The Other Night

part of Zoon Politikon (from AUT University and Sydney University), an exhibition at Time-Space-Existence in Venice, 2016


The Listener

I heard it said that God created the world, that there is the divine above, the animal below, and the human in between. But there is a whisper within that says otherwise…in this other cosmic framework there is the mystical not above, but all around, and the elemental, not below but everywhere, and the human as the conduit for both. From a copper surface the mystical light is refracted, the water creates a lens and refracts the light yet again, closing the circuit.

The other night I thought I heard something…out of the corner of my ear I thought I caught a nothing, or a whisper of a breeze, a crashing wave or was it a falling coconut…pineapple…building. Was that a grain of sand I heard, hitting the floor of the ocean, or was it the softly padded paw of a stealthy wolf, moving à pas de loup through the forest.

I am alone, we are alone – none of us so, and all of us still. There exists a fundamental solitude that even language cannot temper. This solitude is not that of individuated aloneness – it is something other. We slip on slippery steps, pas-pas, the steps we cannot take, or take over and over again; the eternal rolling of Sisyphus’ boulder up the hill.

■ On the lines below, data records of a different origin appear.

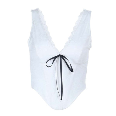 Mesh patchwork lace up backless cami top
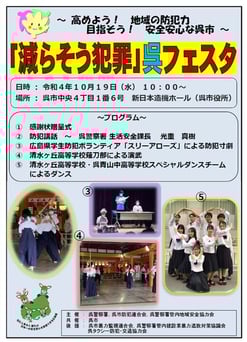 2022年10月19日、令和4年度全国地域安全運動の一環として、「減らそう犯罪」呉フェスタが開催されました。呉警察署、呉市防犯連合会、呉警察署管内地域安全協力会主催のもと、安心して暮らせる地域社会を作ることを目的として行われました。本校から清水ヶ丘高校・呉青山中学高等学校の生徒によるスペシャルダンスチームが活動に参加しました。生徒の生き生きとしたダンスをぜひご覧ください。
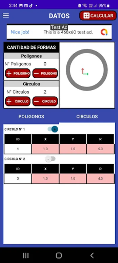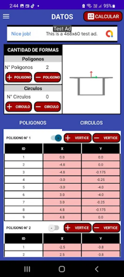 El área puede ser un polígono indicando las coordenadas de sus vértices, circular indicando las coordenadas de su centro y su radio. También pueden definirse áreas conformadas por la suma y/o sustracción de una serie de áreas poligonales y/o circulares. Es importante tener en cuenta que los vértices polígonos deben ser ingresados en sentido antihorario.
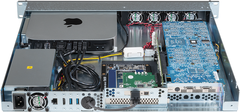 你是否考虑更换一台可上机架的电脑?你是否在寻找一款可替代老式苹果Xserve系统的产品?对于许多应用,一台拥有雷电接口的Mac mini在性能上完全可以与一台全尺寸服务器媲美。但就Mac mini自身而言,其紧凑的机身和固有外形设计也对其性能的发挥有一定的限制。最重要的是Mac mini不能提供PCIe的扩展功能。Sonnet xMac mini服务器可以完美解决这个问题,并充分发挥Mac mini的性能。作为PCIe扩展解决方案,Sonnet xMac mini采用1U机架式设计。

There it is again, that sound I thought. Perhaps it was an echo I heard, a softly whispered something; no nothing, nothing has been said in this chamber. Silence speaks here. I wait. A word or two finally begin to coalesce…perhaps language is an architecture of Being. If building is the means through which I make physical architecture, then language is the primary architecture through which I construct, understand, control and change the world around me.

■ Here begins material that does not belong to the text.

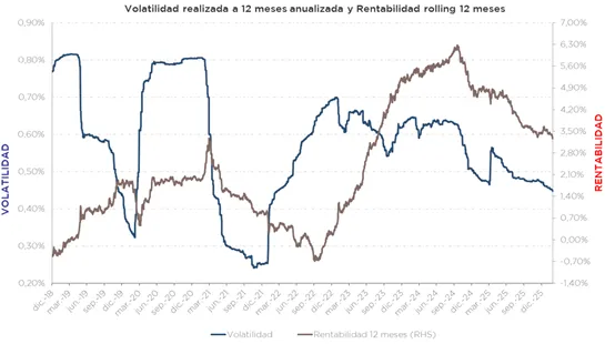 Este control activo del riesgo no implica renunciar a la rentabilidad. Al contrario, como muestra la evolución de la rentabilidad a 12 meses, el fondo ha sido capaz de generar retornos positivos de forma consistente, apoyándose en una gestión prudente y disciplinada.

I’m listening, listening hard now, what is it that I can say, it is asked of me that I say. How am I building the world? In this time of unprecedented chaos, it is asked of me that I say. And yet, I find myself unable to say anything. I am caught between the impossibility of saying anything, and knowing I am called upon to say something. In saying something, I say nothing, and in saying anything I also say what it is that I cannot say.

There lies here an ethics of the call, our solution to this chaos is not architectural but ethical. Pas-pas, step and step and step again, keep rolling the boulder back up the hill. And you, you there, you see yourself reflected in the copper, the resting place for the mystical and the elemental. The baker says his way with bread, the plumber with pipes, the musician speaks with music, the artist with paint, the carpenter with tools, I ask you friend; what can you say?